*** SUPPLIED RECORDS ***

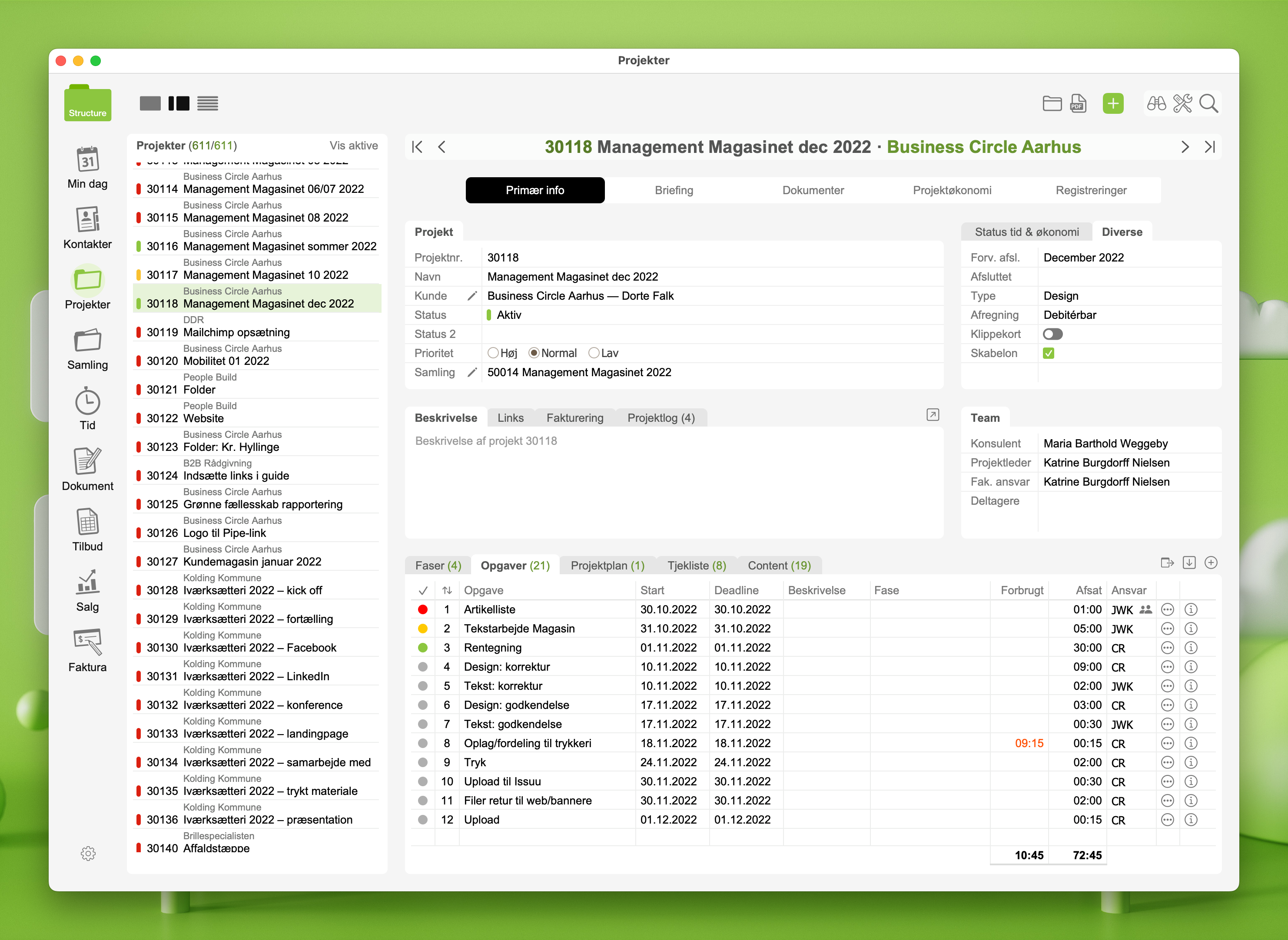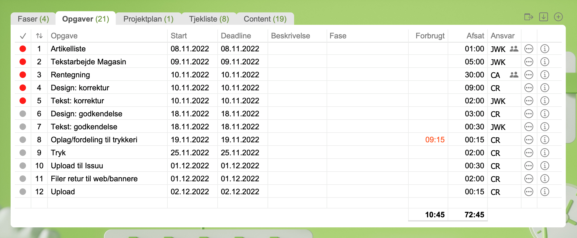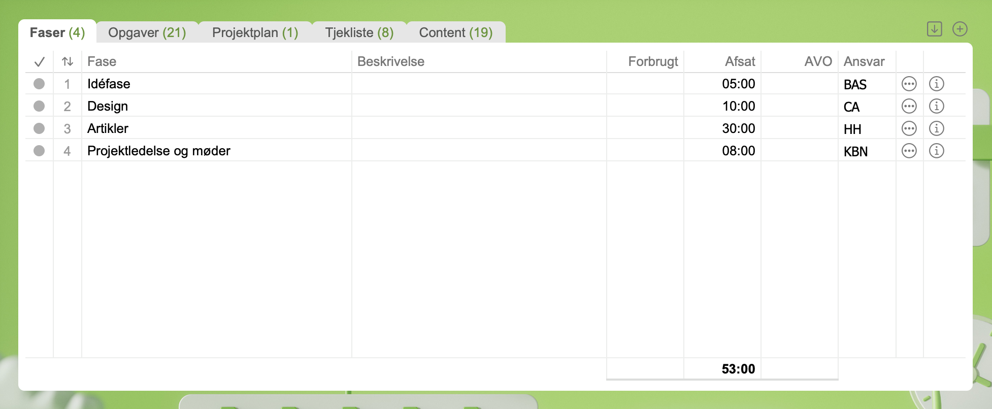 Med Faser kan du gruppere tidsforbruget på et projekt i naturlige sektioner. Når der tidsregistreres, så kan man tilknytte en fase til registreringen. Og både projektleder og medarbejder kan følge med i tidsforbruget på faserne.
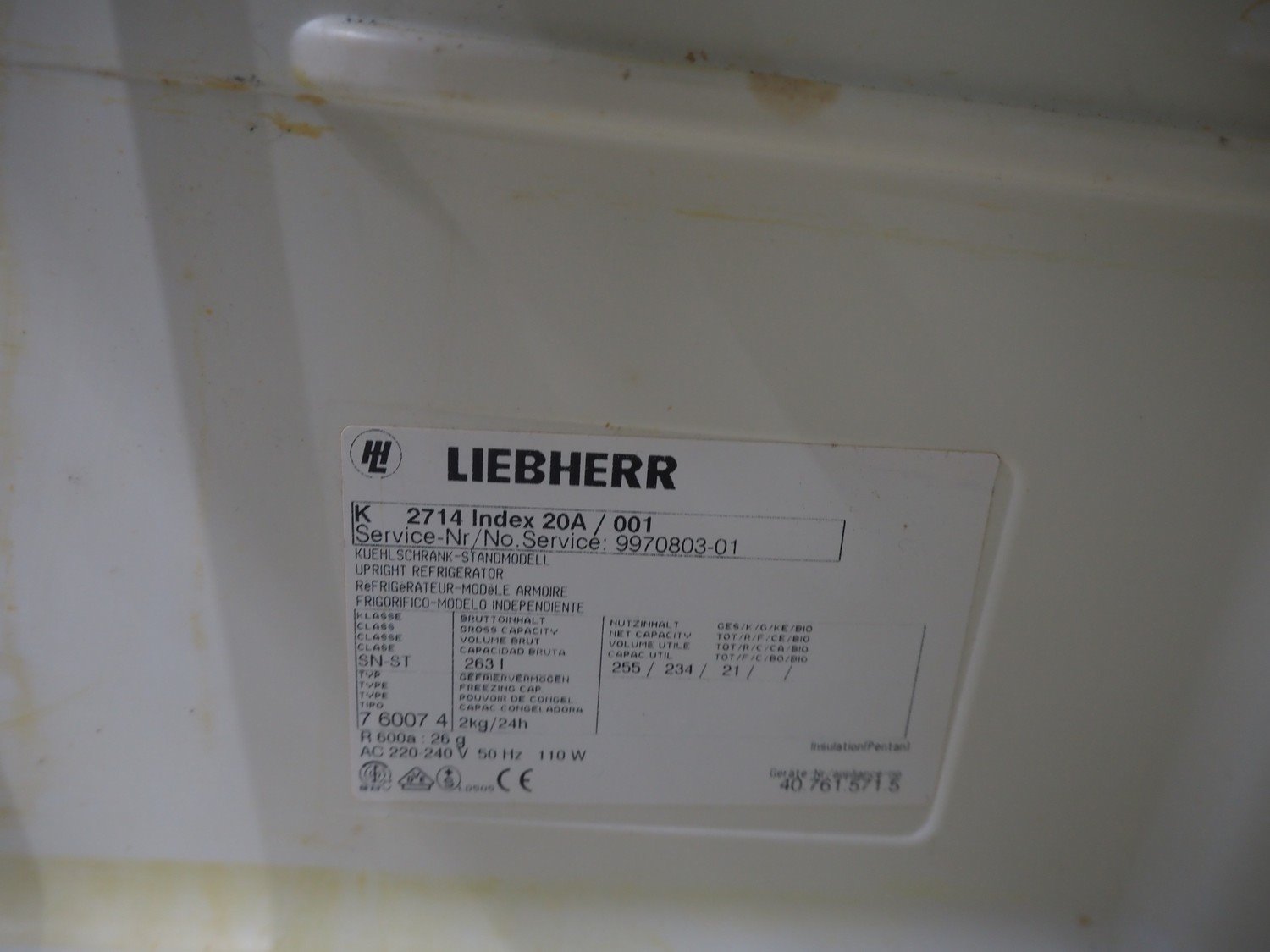 Liebherr refrigerator, type: K 2714 Indez 20A/001, number: 9970803-01, 220-240 V, 50 Hz, 110 W, volume: 263 liter, refrigerant: R600 a : 26g, dimensions: 550 mm x 620 mm x 1400 mm.
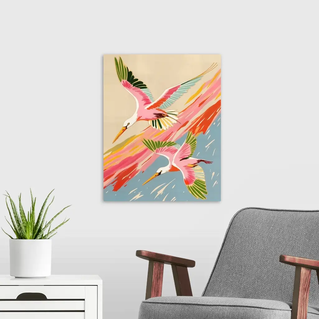 Roseate Spoonbills Sky Ballet wall art for home and office decor. Discover canvas art prints, photos, mural, big canvas art and framed wall art in GreatBigCanvas.com's varied collections.
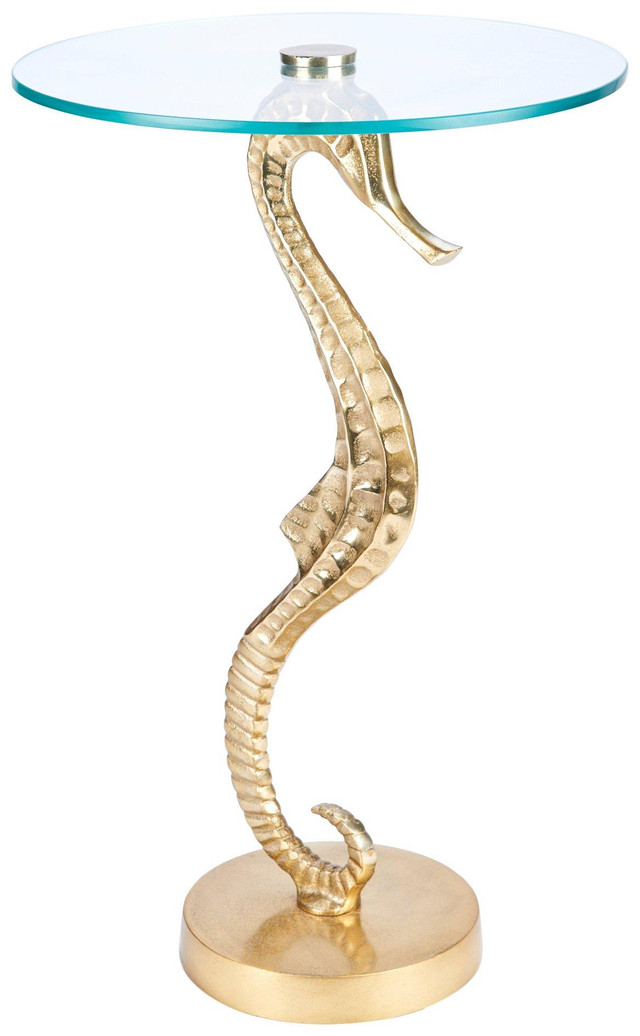 Introducing the 25 in Seahorse Side Table, a striking addition to your home decor. This unique table features a metal base shaped like a seahorse, adding a touch of elegance and whimsy to any room. The glass top provides a sleek and modern surface, perfect for displaying items or holding beverages. Measuring 25 inches, this side table combines artistic design with functionality, making it an eye-catching centerpiece for your living space.
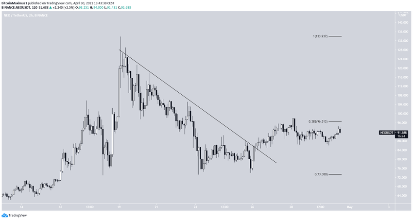 NEO poruszał się w górę od dnia 23 kwietnia i wkrótce potem wybił się z opadającej linii oporu. Jednak nie odzyskał jeszcze nawet poziomu oporu na 0,382 Fib.
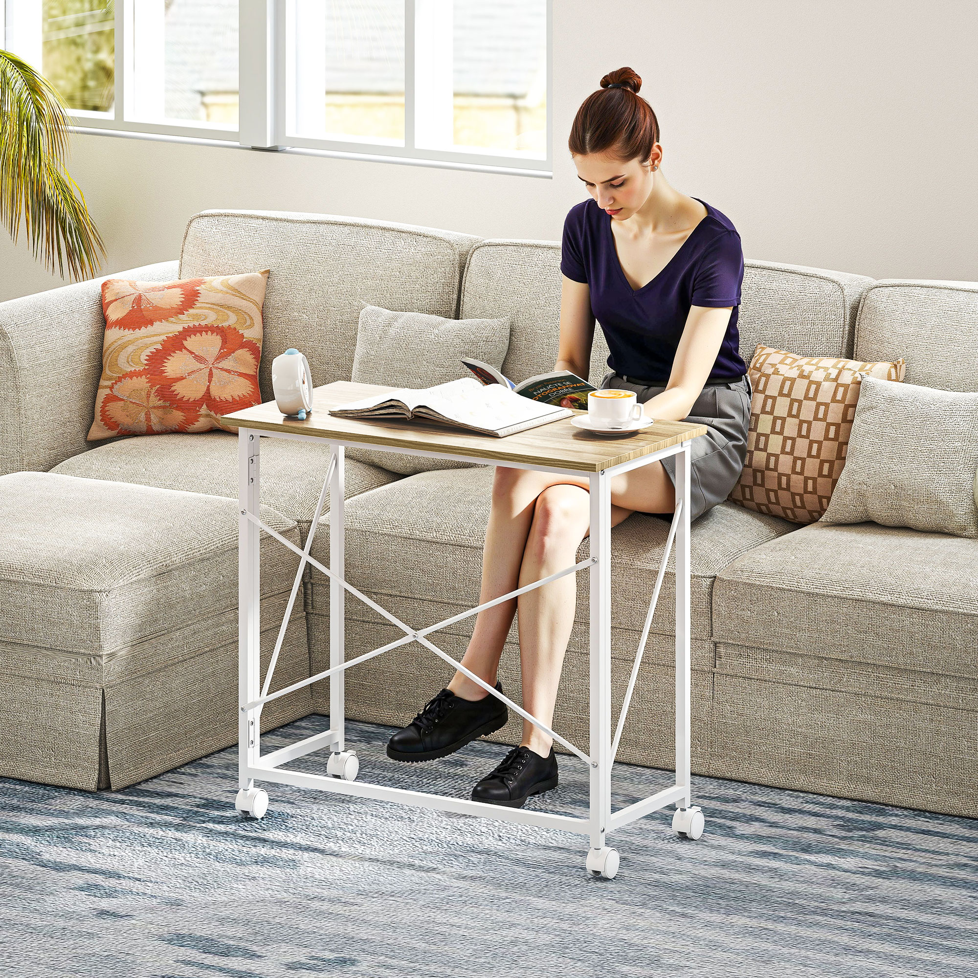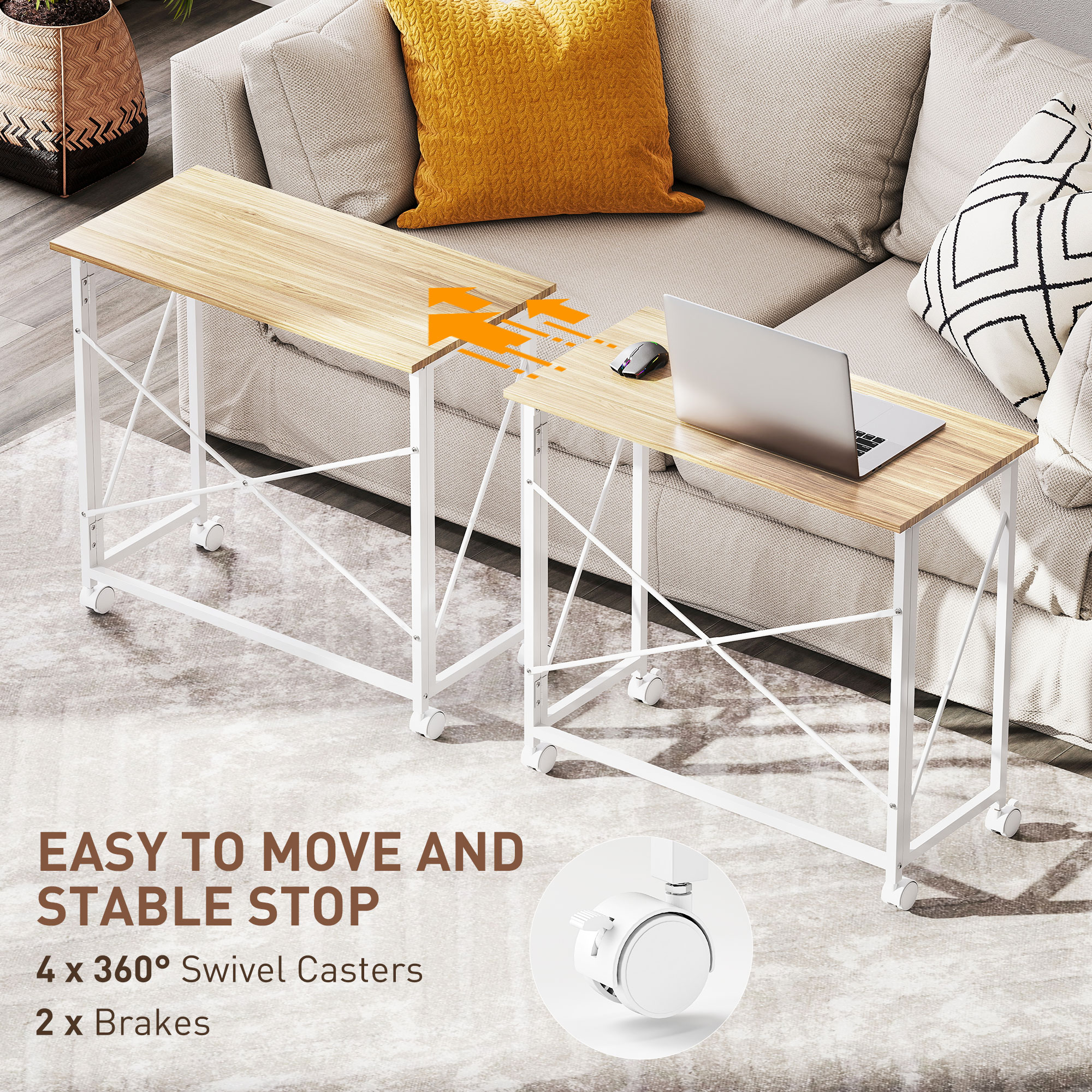 Discover the convenience of the HOMCOM Folding Desk, your new compact companion for every need! This slim, foldable desk tucks away easily behind a door or under furniture, making it a brilliant space-saver. Equipped with four wheels for effortless mobility, two of which have brakes, it's a great choice for your home office, study table, or small computer desk.
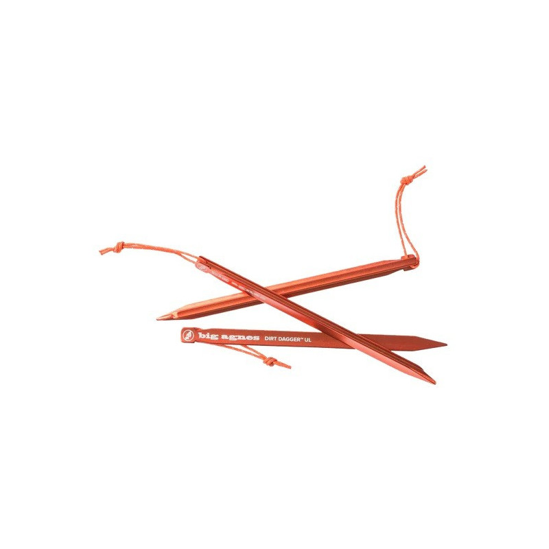 Dirt Dagger™ UL telts mietiņi ar patentētu I-Beam alumīnija konstrukciju, kas ir ne tikai viegla, bet arī izturīga. Galos cilpiņa, ērtākai mietiņu izvilkšanai. Komplektā 6gab.

*** End of SUPPLIED RECORDS ***

• TASK: Repeat the entries exactly, without pictures.

• RESPONSE TO THE EXERCISE:
 Med Faser kan du gruppere tidsforbruget på et projekt i naturlige sektioner. Når der tidsregistreres, så kan man tilknytte en fase til registreringen. Og både projektleder og medarbejder kan følge med i tidsforbruget på faserne.
 Liebherr refrigerator, type: K 2714 Indez 20A/001, number: 9970803-01, 220-240 V, 50 Hz, 110 W, volume: 263 liter, refrigerant: R600 a : 26g, dimensions: 550 mm x 620 mm x 1400 mm.
 Roseate Spoonbills Sky Ballet wall art for home and office decor. Discover canvas art prints, photos, mural, big canvas art and framed wall art in GreatBigCanvas.com's varied collections.
 Introducing the 25 in Seahorse Side Table, a striking addition to your home decor. This unique table features a metal base shaped like a seahorse, adding a touch of elegance and whimsy to any room. The glass top provides a sleek and modern surface, perfect for displaying items or holding beverages. Measuring 25 inches, this side table combines artistic design with functionality, making it an eye-catching centerpiece for your living space.
 NEO poruszał się w górę od dnia 23 kwietnia i wkrótce potem wybił się z opadającej linii oporu. Jednak nie odzyskał jeszcze nawet poziomu oporu na 0,382 Fib.
 Discover the convenience of the HOMCOM Folding Desk, your new compact companion for every need! This slim, foldable desk tucks away easily behind a door or under furniture, making it a brilliant space-saver. Equipped with four wheels for effortless mobility, two of which have brakes, it's a great choice for your home office, study table, or small computer desk.
 Dirt Dagger™ UL telts mietiņi ar patentētu I-Beam alumīnija konstrukciju, kas ir ne tikai viegla, bet arī izturīga. Galos cilpiņa, ērtākai mietiņu izvilkšanai. Komplektā 6gab.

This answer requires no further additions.